Читаем По головам полностью

«… он стоял напротив меня, почти прижавшись, и я силилась разглядеть в чертах его непроницаемого лица хоть какое-то подобие эмоций. Он не смотрел на меня, но не потому, что не хотел, а потому что просто не мог. Его дыхание, которое я чувствовала щекой в тот далекий по-зимнему холодный октябрьский московский вечер 2005 года, давило мне на сердце. Прикосновения его рук перехватывали дыхание, как будто меня завалили броском через бедро на асфальт. А я смотрела в его глаза, на губы, стараясь не пропустить даже микроскопические движения мышц лица. По его частому и прерывистому дыханию я понимала, что он ощущал взгляд моих глаз.

Мы стояли там, где когда-то, кажется, уже целую вечность назад, всё и началось. Забавная ирония жизни, которую, во всяком случае, специально не придумаешь. Вот только погода стояла ужасная: промозглый ветер пробирал до кончиков пальцев, снег неприятно бил в лицо жесткими снежинками – осенние снежинки вообще отличаются особой «жестокостью» в отличие от «пушистых» зимних хлопьев снега.

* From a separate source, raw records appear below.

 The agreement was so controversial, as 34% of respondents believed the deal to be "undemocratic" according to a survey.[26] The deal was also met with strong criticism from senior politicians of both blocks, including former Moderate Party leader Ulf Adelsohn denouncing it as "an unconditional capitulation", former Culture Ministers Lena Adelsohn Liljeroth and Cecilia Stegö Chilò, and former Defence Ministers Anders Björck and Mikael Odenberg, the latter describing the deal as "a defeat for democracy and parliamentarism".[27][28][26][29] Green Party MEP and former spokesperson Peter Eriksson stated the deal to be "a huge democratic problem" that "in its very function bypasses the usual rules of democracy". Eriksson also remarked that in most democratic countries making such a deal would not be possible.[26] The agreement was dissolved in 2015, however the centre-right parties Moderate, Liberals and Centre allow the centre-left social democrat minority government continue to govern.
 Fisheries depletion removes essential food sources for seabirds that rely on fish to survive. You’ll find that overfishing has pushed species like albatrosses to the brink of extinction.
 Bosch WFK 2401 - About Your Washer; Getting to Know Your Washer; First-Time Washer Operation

Всё началось осенью 2002 года. Мы сидели в одной из кофеен, что десятками расположились на Манежной площади. Заказанный для меня горячий шоколад давно остыл, а к чизкейку я даже не притронулась.

Я постоянно разговаривала по телефону, у меня их было два, которые поочередно, а порой и сразу оба, звонили. Знаешь, в подобных ситуациях люди, как правило, всё бросают и уходят как истинные англичане, то есть, не прощаясь. Но он продолжал сидеть, слушая мои непрекращающиеся рабочие разговоры, и улыбался. Просто представь, сидел, умиляясь моей рабочей суетой. Вспоминаю сейчас, и это кажется таким романтичным. Тогда-то я и поняла, что он не такой, как все, и влюбилась. Вот так вот быстро, не раздумывая, и влюбилась.

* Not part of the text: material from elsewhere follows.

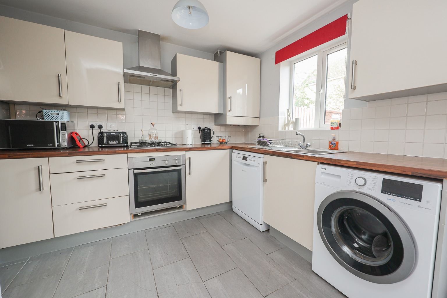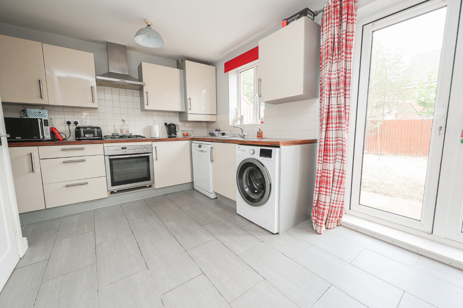 From the lounge, a door leads through to the rear of the property where you'll find the heart of the home: a beautifully presented Kitchen/Diner (approx. 5.00 × 3.00 m / 16'5″ × 9'10″). This space combines practicality with style, offering a range of fitted wall and base units, integrated appliances, and ample room for a family-sized dining table. Sliding patio doors open directly onto the rear garden, allowing light to pour in and offering seamless indoor-outdoor living—ideal for summer entertaining or weekend breakfasts in the sunshine.
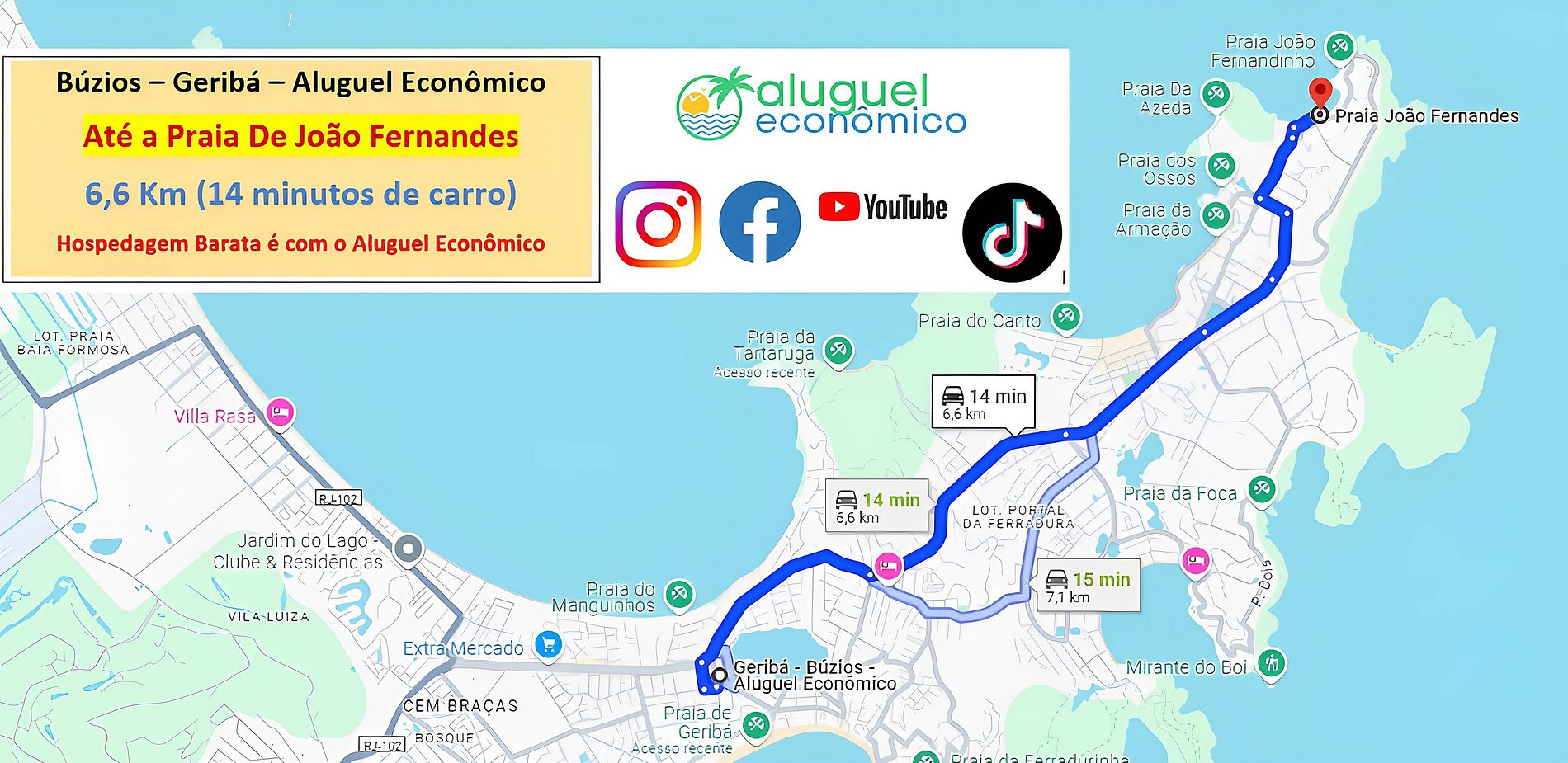 Praia de João Fernandes e João Fernandinho: 7 km (15 minutos de carro)

Трудно сказать, знала ли я его так хорошо, как мне казалось. Наверное, категория «знать человека» имеет, как сейчас модно говорить, относительно-субъективный характер. То есть знать кого-либо невозможно, можно только лишь догадываться о чем-то. Но одно могу сказать точно, он был хорош. Нет-нет, не так, как это принято понимать сейчас, то есть весь «такой брутальный тип» как Джон Траволта из «Бриолина», хотя ради объективности стоит признать, что и этого он не был лишен. Его красота была сродни красоте мифологических героев! Редкий по проницательности ум сочетался с тонким чувством юмора, возведенным в искусство превращать фразы, слетающие с уст, в острые, пронзающие «стрелы».

Наше молчание тянулось, казалось, уже целую вечность. Но слова и не требовались, всё было понятно и так, без слов. Наверное, умение молчать в острые эмоциональные моменты я получила в подарок от него.

Он не выдержал и всё же посмотрел на меня большими и выразительными карими глазами, и его губы, как показалось, непроизвольно сжались в горькой досаде.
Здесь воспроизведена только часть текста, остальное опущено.